MongoDB + Python - very slow simple query

Question

I have an open source energy monitor (http://openenergymonitor.org) which logs the power usage of my house every five seconds, so I thought this would be a perfect application to play with MongoDB. I have a Flask Python application running in Apache using MongoEngine to interface with MongoDB.

Now I am running all of this on a RaspberryPi, so I'm not expecting incredible performance, but a simple query is taking around 20 seconds, which seems slow even for this limited hardware.

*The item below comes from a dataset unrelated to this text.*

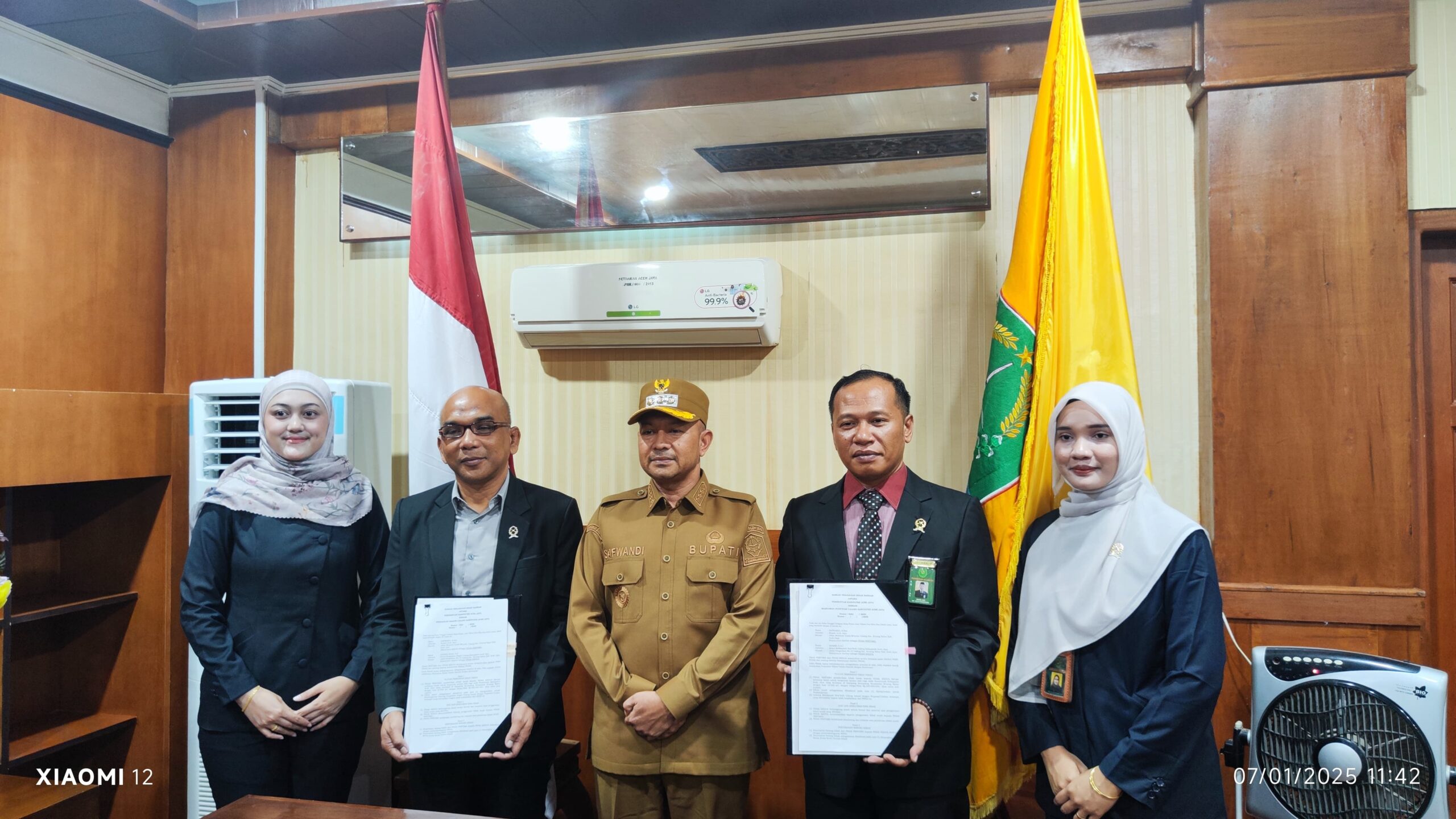 Penyerahan dokumen diserahkan langsung oleh Bupati Aceh Jaya, Safwandi, melalui penandatanganan Naskah Perjanjian Hibah Daerah (NPHD) di Ruang Rapat Bupati pada hari selasa, (1/7/2025).

I have the following model:

class Reading(db.Document):
    created_at = db.DateTimeField(default=datetime.datetime.now, required=True)
    created_at_year = db.IntField(default=datetime.datetime.now().year, required=True)
    created_at_month = db.IntField(default=datetime.datetime.now().month, required=True)
    created_at_day = db.IntField(default=datetime.datetime.now().day, required=True)
    created_at_hour = db.IntField(default=datetime.datetime.now().hour, required=True)
    battery = db.IntField()
    power = db.IntField()
    meta = {
        'indexes': ['created_at_year', 'created_at_month', 'created_at_day', 'created_at_hour']
    }

I currently have around 36,000 readings stored from the last couple of days. The following code runs super quick:

def get_readings_count():
    count = '<p>Count: %d</p>' % Reading.objects.count()
    return count

def get_last_24_readings_as_json():
    readings = Reading.objects.order_by('-id')[:24]
    result = "["
    for reading in reversed(readings):
        result += str(reading.power) + ","
    result = result[:-1]
    result += "]"
    return result

But doing a simple filter:

def get_today_readings_count():
    todaycount = '<p>Today: %d</p>' % Reading.objects(created_at_year=2014, created_at_month=1, created_at_day=28).count()
    return todaycount

Takes around 20 seconds - there are around 11,000 readings for today.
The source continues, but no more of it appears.